Supplied data>
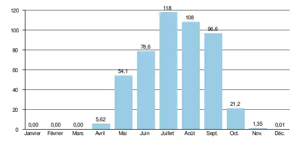 Le débit moyen mensuel observé de janvier à mars (minimum d'étiage) est de 0,00 m3/s, alors que le débit moyen du mois de juillet se monte à 118 m3/s, ce qui signe des variations saisonnières d'amplitude extrême. Sur la durée d'observation de 26 ans, le débit mensuel maximal s'est élevé à 477 m3/s en .
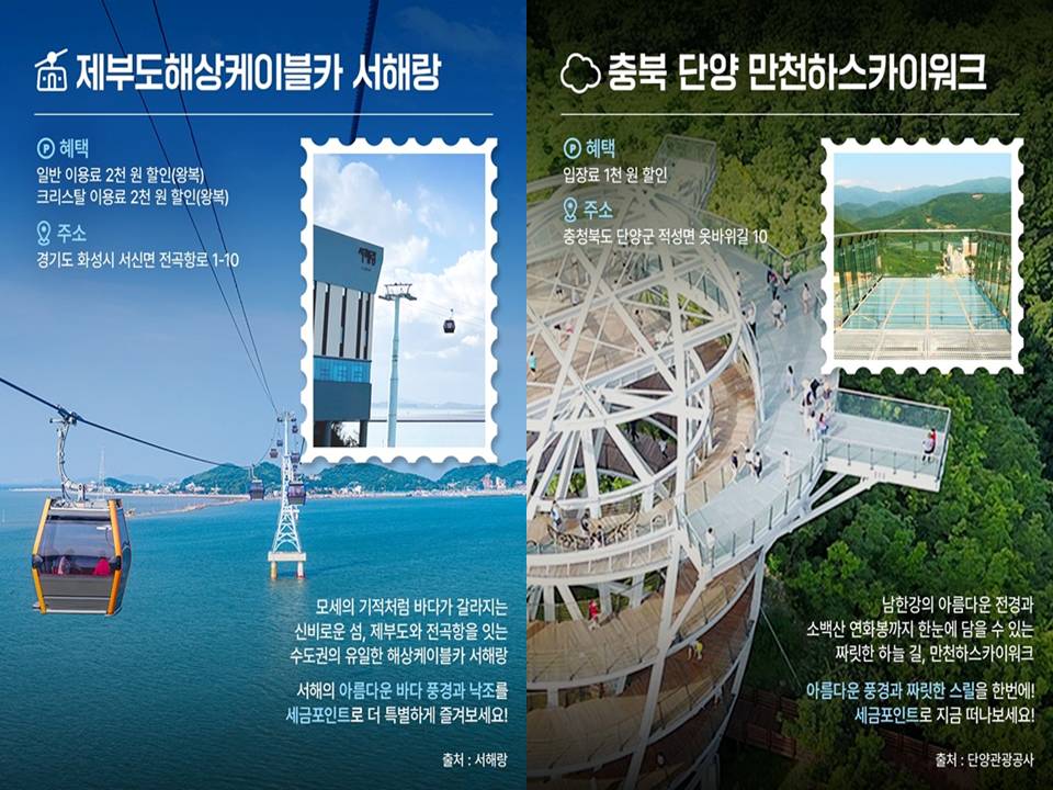 제부도 해상케이블카, 단양의 스카이워크, 그리고 천연 동굴인 온달동굴까지. 이처럼 전국 각지의 인기 명소에서 세금포인트를 활용한 할인 혜택을 누릴 수 있다는 것은 성실한 납세가 단순한 의무를 넘어 실질적인 '생활 속 재테크'로 이어지고 있음을 의미합니다.
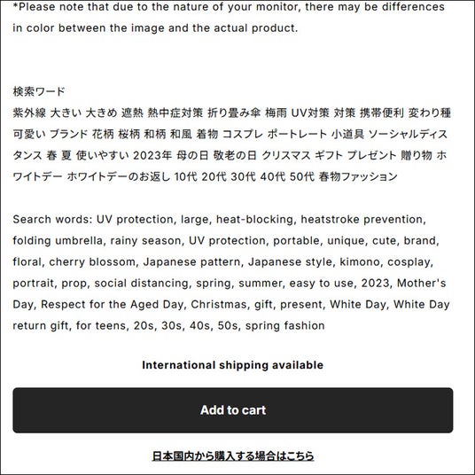 「International shipping available」と表記されている場合、国際配送可能な商品となります。
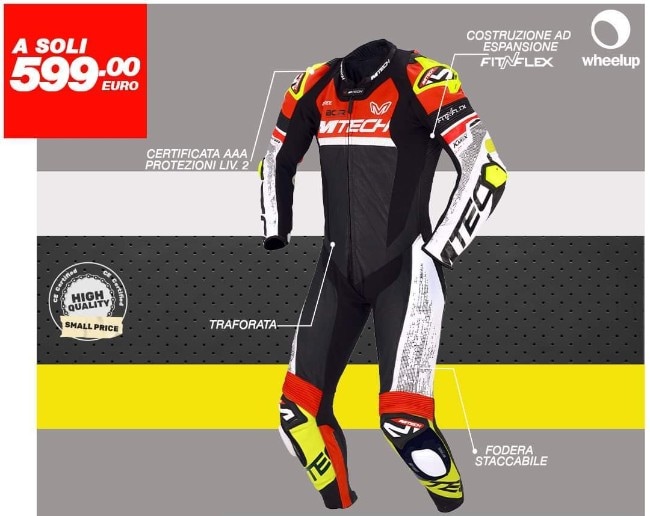 Mtech, il marchio di abbigliamento racing di Wheelup, presenta la tuta Ring Replica si ispira alle tute in pelle di ultima generazione che vengono usate sui circuiti di tutto il mondo. Certificata in Classe AAA secondo la normativa EN 17092:2020, nasce dalla pista e si dimostra perfetta sia nell'uso amatoriale che in quello professionale.

Task goal>
Write the material out again exactly. Do not include the pictures.

Task solution>
 Le débit moyen mensuel observé de janvier à mars (minimum d'étiage) est de 0,00 m3/s, alors que le débit moyen du mois de juillet se monte à 118 m3/s, ce qui signe des variations saisonnières d'amplitude extrême. Sur la durée d'observation de 26 ans, le débit mensuel maximal s'est élevé à 477 m3/s en .
 제부도 해상케이블카, 단양의 스카이워크, 그리고 천연 동굴인 온달동굴까지. 이처럼 전국 각지의 인기 명소에서 세금포인트를 활용한 할인 혜택을 누릴 수 있다는 것은 성실한 납세가 단순한 의무를 넘어 실질적인 '생활 속 재테크'로 이어지고 있음을 의미합니다.
 「International shipping available」と表記されている場合、国際配送可能な商品となります。
 Mtech, il marchio di abbigliamento racing di Wheelup, presenta la tuta Ring Replica si ispira alle tute in pelle di ultima generazione che vengono usate sui circuiti di tutto il mondo. Certificata in Classe AAA secondo la normativa EN 17092:2020, nasce dalla pista e si dimostra perfetta sia nell'uso amatoriale che in quello professionale.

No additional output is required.